A phase 3 randomized trial in NEJM showed that amivantamab-lazertinib significantly improved overall survival versus osimertinib in previously untreated patients, albeit with higher grade ≥3 adverse events. A 25-year cohort study found that baseline emphysema on low-dose CT in lung cancer screening predicts long-term mortality from COPD and cardiovascular disease. A minimally invasive, percutaneous hypoglossal nerve stimulation approach acutely restored airflow and improved airway collapsibility

Summary

A phase 3 randomized trial in NEJM showed that amivantamab-lazertinib significantly improved overall survival versus osimertinib in previously untreated patients, albeit with higher grade ≥3 adverse events. A 25-year cohort study found that baseline emphysema on low-dose CT in lung cancer screening predicts long-term mortality from COPD and cardiovascular disease. A minimally invasive, percutaneous hypoglossal nerve stimulation approach acutely restored airflow and improved airway collapsibility in OSA, suggesting a less invasive bioelectronic therapy path.

Research Themes

  • Targeted first-line therapy in lung cancer
  • Imaging-based risk stratification for long-term respiratory and cardiovascular outcomes
  • Minimally invasive bioelectronic therapies for obstructive sleep apnea

Selected Articles

1. Overall Survival with Amivantamab-Lazertinib in

88.5Level IRCT
The New England journal of medicine · 2025PMID: 40923797

In this phase 3 randomized trial, amivantamab-lazertinib significantly improved overall survival versus osimertinib (HR 0.75; 95% CI 0.61–0.92) with 3-year OS 60% vs 51%. Grade ≥3 adverse events were more frequent with amivantamab-lazertinib (80% vs 52%), notably skin events, venous thromboembolism, and infusion reactions.

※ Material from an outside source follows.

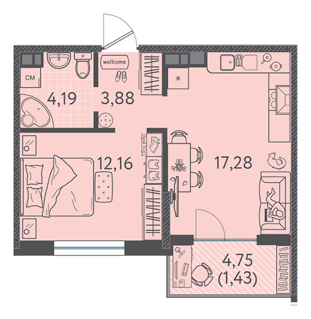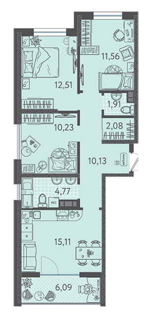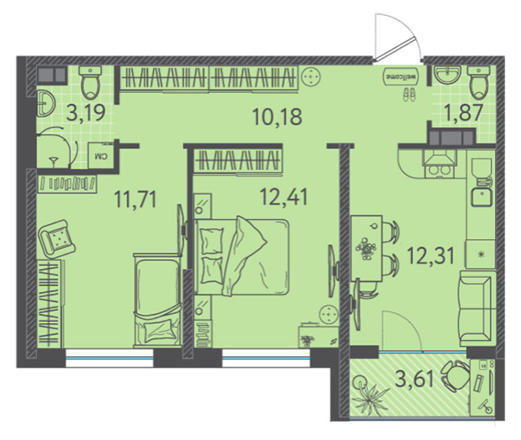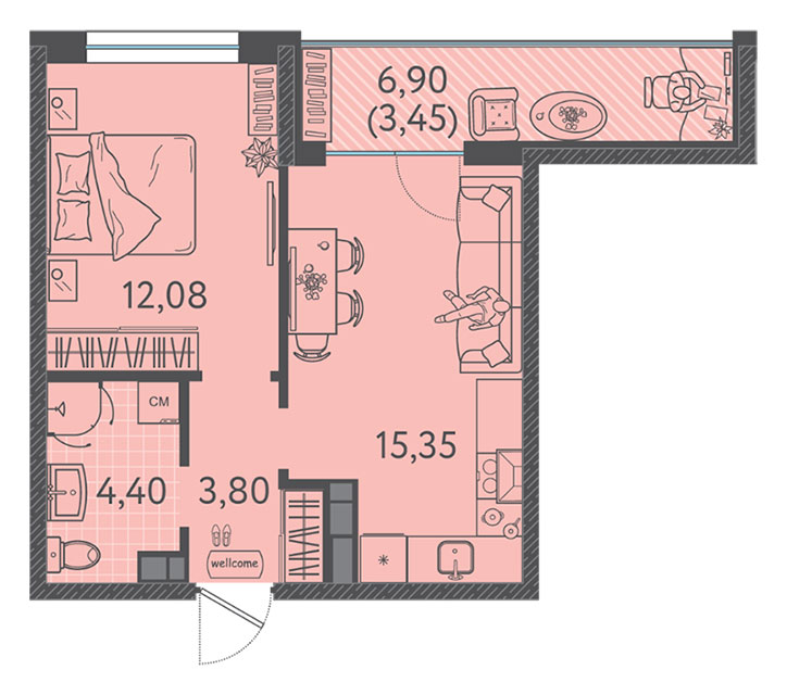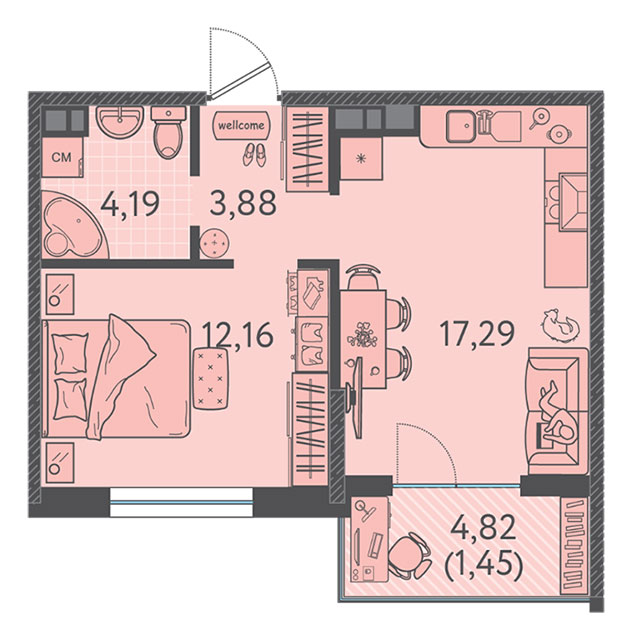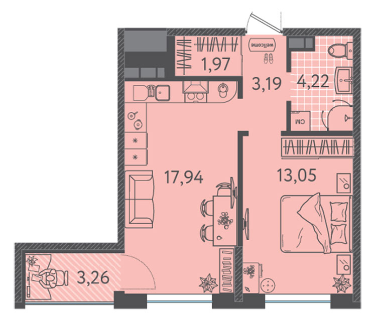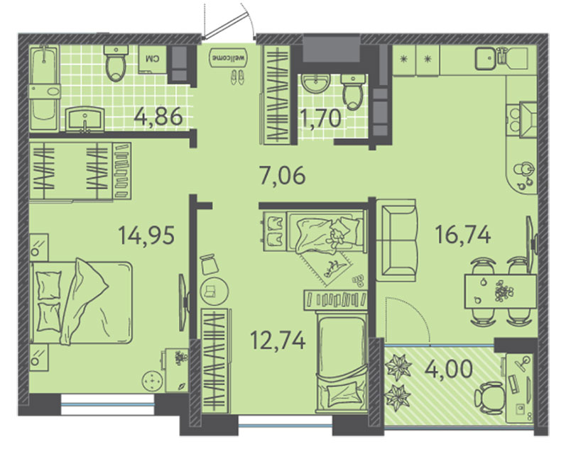 Приветливый менеджер в офисе продаж подобрал для нас ну просто суперскую двушку! Хотя по сути это целая евротрешка, кухня настолько большая, что можно даже небольшую гостиную там обустроить, а в лоджии поставить кресло и неспешно потягивать кофе по утрам.

Impact: Demonstrates an overall survival advantage of a novel combination targeted regimen over the current standard comparator in previously untreated patients, representing a potential change in first-line therapy.

Clinical Implications: If adopted, therapy selection may shift toward amivantamab-lazertinib in the first-line setting, with proactive monitoring and management of skin toxicity, venous thromboembolism, and infusion reactions.

Key Findings

  • Overall survival was significantly longer with amivantamab-lazertinib versus osimertinib (HR 0.75; P=0.005).
  • Three-year overall survival: 60% vs 51% (amivantamab-lazertinib vs osimertinib).
  • Grade ≥3 adverse events were more frequent with amivantamab-lazertinib (80% vs 52%), especially skin-related events, venous thromboembolism, and infusion reactions.
  • At data cutoff, ongoing treatment rates were 38% vs 28% (amivantamab-lazertinib vs osimertinib).

Methodological Strengths

  • Phase 3 randomized design with a large sample (n≈858) and long median follow-up (37.8 months).
  • Clinically meaningful primary endpoint (overall survival) with statistically robust results.

Limitations

  • Higher toxicity with amivantamab-lazertinib may limit tolerability for some patients.
  • Abstract lacks detail on subgroup biomarker stratification and quality-of-life outcomes.

Future Directions: Define biomarker-driven subgroups benefiting most from amivantamab-lazertinib, optimize toxicity mitigation strategies, and assess quality-of-life and cost-effectiveness.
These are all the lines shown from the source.